## Action item
Down to the last word, output the records below, skipping any images.

————

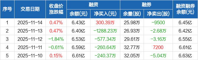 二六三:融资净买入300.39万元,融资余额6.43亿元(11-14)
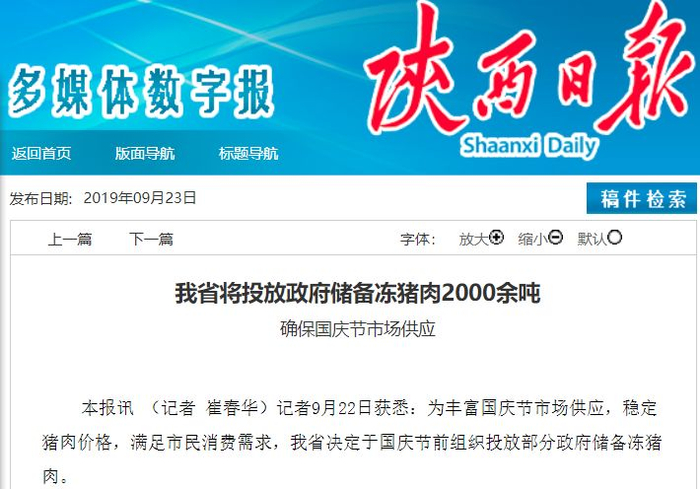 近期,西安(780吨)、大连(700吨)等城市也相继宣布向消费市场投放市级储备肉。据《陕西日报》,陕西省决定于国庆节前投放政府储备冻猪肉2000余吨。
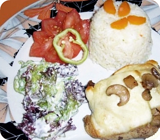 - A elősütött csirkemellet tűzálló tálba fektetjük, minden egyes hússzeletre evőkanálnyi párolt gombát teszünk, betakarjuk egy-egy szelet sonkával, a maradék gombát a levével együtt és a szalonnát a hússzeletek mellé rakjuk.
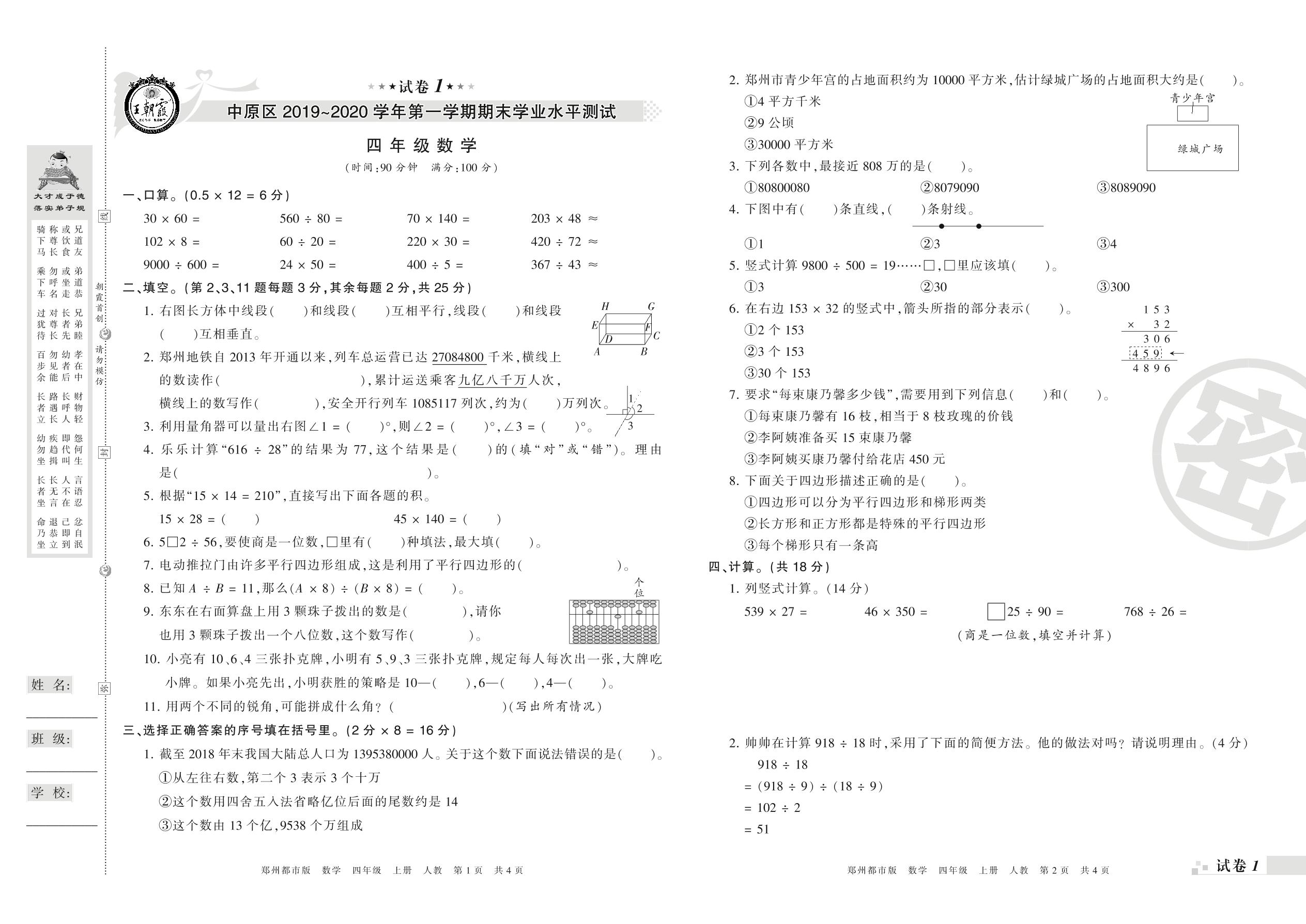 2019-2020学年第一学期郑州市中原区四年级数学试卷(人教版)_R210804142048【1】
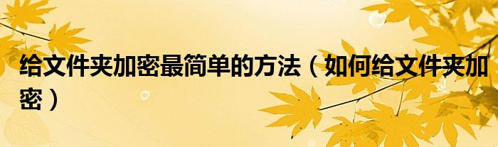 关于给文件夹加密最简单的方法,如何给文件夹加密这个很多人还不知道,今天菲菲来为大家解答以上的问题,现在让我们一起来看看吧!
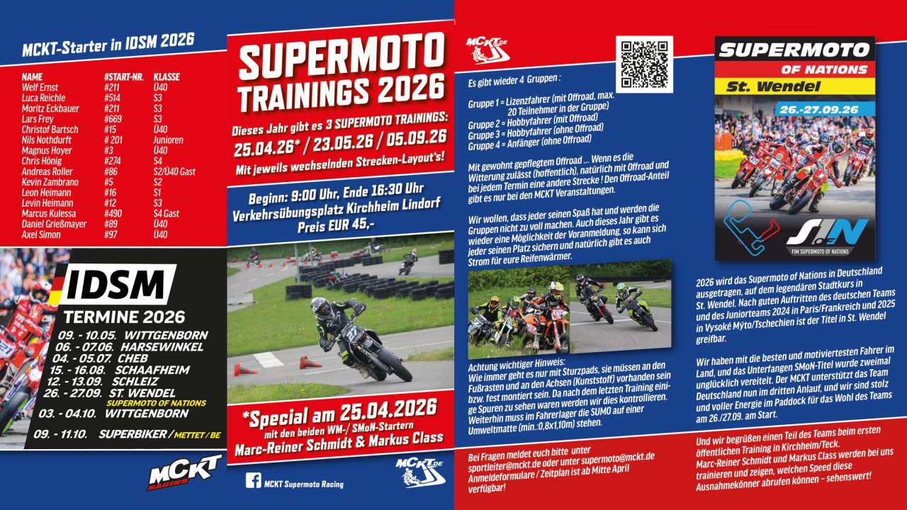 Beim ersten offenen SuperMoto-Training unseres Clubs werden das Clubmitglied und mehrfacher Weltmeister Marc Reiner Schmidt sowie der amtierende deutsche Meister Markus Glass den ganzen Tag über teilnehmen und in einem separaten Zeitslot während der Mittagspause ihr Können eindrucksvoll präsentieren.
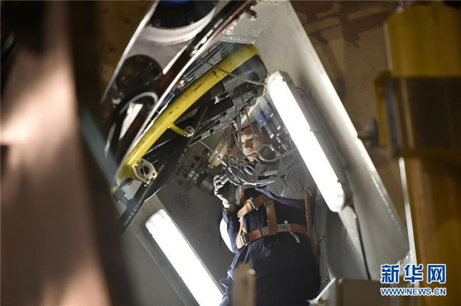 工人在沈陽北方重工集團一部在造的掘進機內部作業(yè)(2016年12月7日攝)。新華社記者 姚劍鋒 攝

————

## The completed task
 二六三:融资净买入300.39万元,融资余额6.43亿元(11-14)
 近期,西安(780吨)、大连(700吨)等城市也相继宣布向消费市场投放市级储备肉。据《陕西日报》,陕西省决定于国庆节前投放政府储备冻猪肉2000余吨。
 - A elősütött csirkemellet tűzálló tálba fektetjük, minden egyes hússzeletre evőkanálnyi párolt gombát teszünk, betakarjuk egy-egy szelet sonkával, a maradék gombát a levével együtt és a szalonnát a hússzeletek mellé rakjuk.
 2019-2020学年第一学期郑州市中原区四年级数学试卷(人教版)_R210804142048【1】
 关于给文件夹加密最简单的方法,如何给文件夹加密这个很多人还不知道,今天菲菲来为大家解答以上的问题,现在让我们一起来看看吧!
 Beim ersten offenen SuperMoto-Training unseres Clubs werden das Clubmitglied und mehrfacher Weltmeister Marc Reiner Schmidt sowie der amtierende deutsche Meister Markus Glass den ganzen Tag über teilnehmen und in einem separaten Zeitslot während der Mittagspause ihr Können eindrucksvoll präsentieren.
 工人在沈陽北方重工集團一部在造的掘進機內部作業(yè)(2016年12月7日攝)。新華社記者 姚劍鋒 攝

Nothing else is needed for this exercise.